Material to process:

* * *

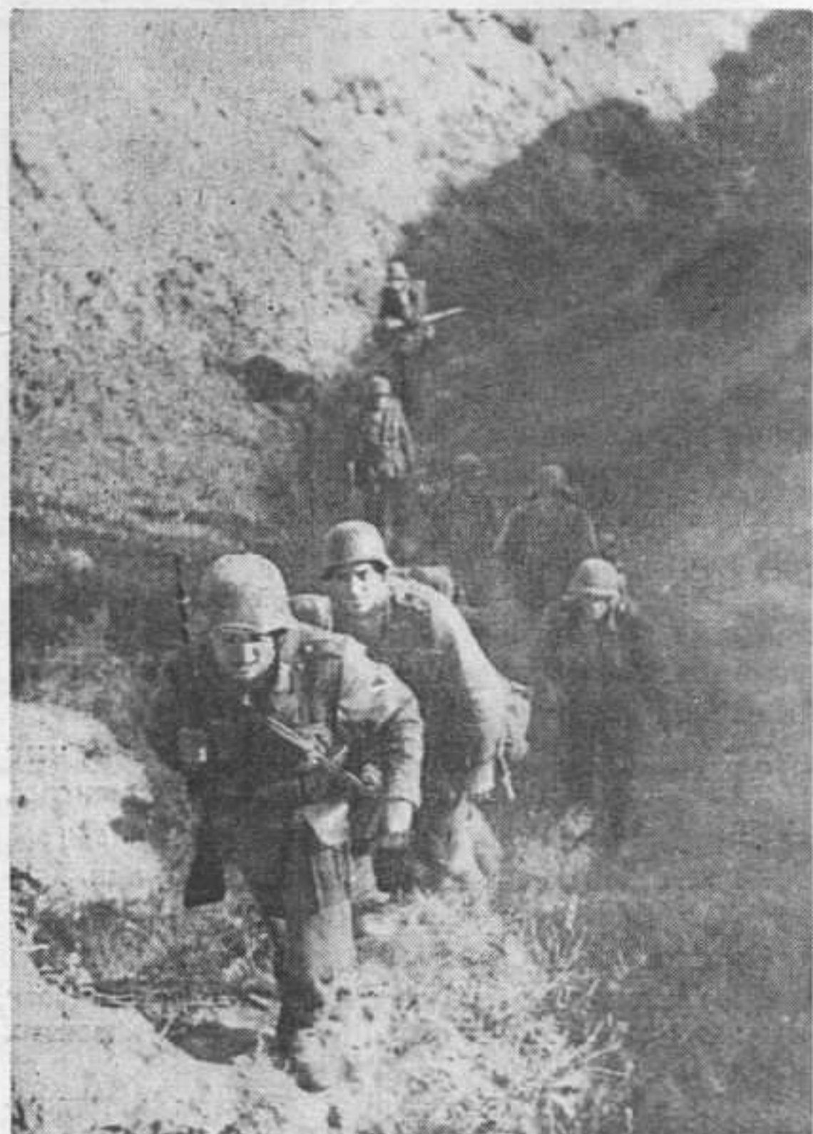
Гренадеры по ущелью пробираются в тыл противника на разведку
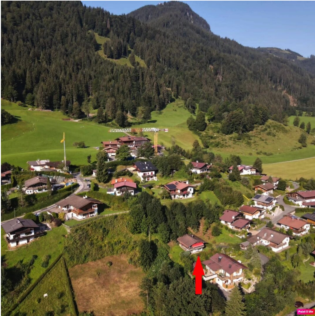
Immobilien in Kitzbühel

* * *

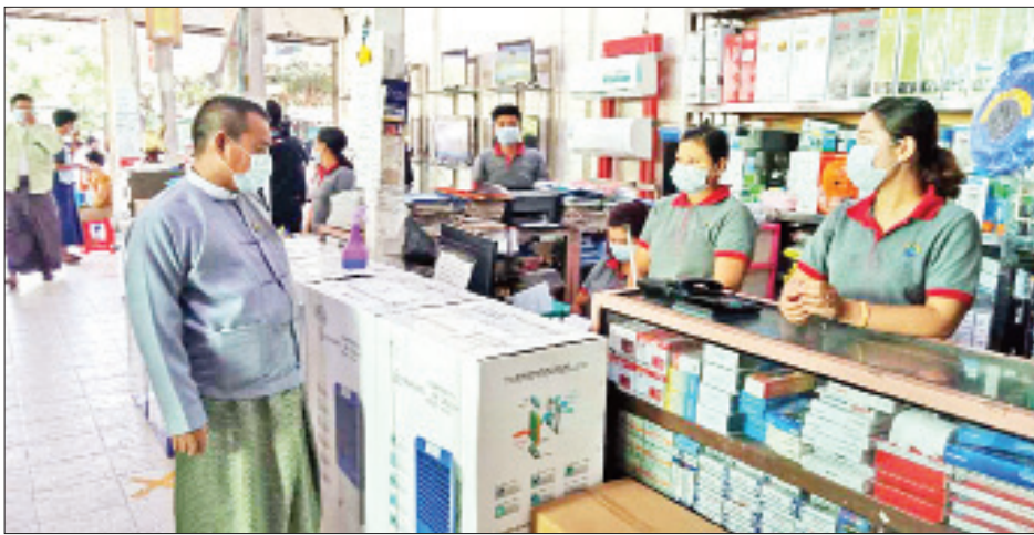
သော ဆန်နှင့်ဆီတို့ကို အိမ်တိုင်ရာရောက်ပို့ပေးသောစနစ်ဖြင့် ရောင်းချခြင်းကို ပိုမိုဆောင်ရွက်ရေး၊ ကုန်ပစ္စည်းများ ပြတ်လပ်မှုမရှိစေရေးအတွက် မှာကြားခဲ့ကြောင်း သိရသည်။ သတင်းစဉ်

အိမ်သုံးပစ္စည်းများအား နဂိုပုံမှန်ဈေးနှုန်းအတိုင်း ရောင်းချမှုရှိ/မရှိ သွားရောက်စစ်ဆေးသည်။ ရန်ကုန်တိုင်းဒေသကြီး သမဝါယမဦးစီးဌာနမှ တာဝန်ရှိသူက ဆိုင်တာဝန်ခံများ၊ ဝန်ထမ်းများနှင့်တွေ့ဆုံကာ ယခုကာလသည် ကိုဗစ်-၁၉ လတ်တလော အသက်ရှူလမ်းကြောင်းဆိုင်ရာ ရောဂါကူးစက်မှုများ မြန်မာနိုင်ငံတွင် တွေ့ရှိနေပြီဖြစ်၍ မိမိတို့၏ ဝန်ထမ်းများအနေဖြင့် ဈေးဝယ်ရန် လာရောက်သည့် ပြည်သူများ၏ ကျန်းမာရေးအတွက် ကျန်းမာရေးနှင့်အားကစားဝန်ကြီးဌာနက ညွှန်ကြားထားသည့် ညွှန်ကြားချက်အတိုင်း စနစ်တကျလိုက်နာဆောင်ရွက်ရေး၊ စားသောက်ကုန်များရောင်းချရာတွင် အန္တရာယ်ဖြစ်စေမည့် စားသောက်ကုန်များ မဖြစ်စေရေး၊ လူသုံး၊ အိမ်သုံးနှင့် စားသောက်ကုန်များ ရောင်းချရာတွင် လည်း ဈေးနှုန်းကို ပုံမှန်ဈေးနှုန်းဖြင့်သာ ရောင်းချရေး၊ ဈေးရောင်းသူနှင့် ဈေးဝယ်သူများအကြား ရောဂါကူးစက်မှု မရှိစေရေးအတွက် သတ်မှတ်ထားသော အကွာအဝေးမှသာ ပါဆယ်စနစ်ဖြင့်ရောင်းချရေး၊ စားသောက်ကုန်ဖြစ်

* * *

Problem: What's needed is an exact copy of the records above from the line containing "Гренадеры по ущелью" down to the line containing "Immobilien in Kitzbühel", both included, without any pictures.

Task result:
Гренадеры по ущелью пробираются в тыл противника на разведку
Immobilien in Kitzbühel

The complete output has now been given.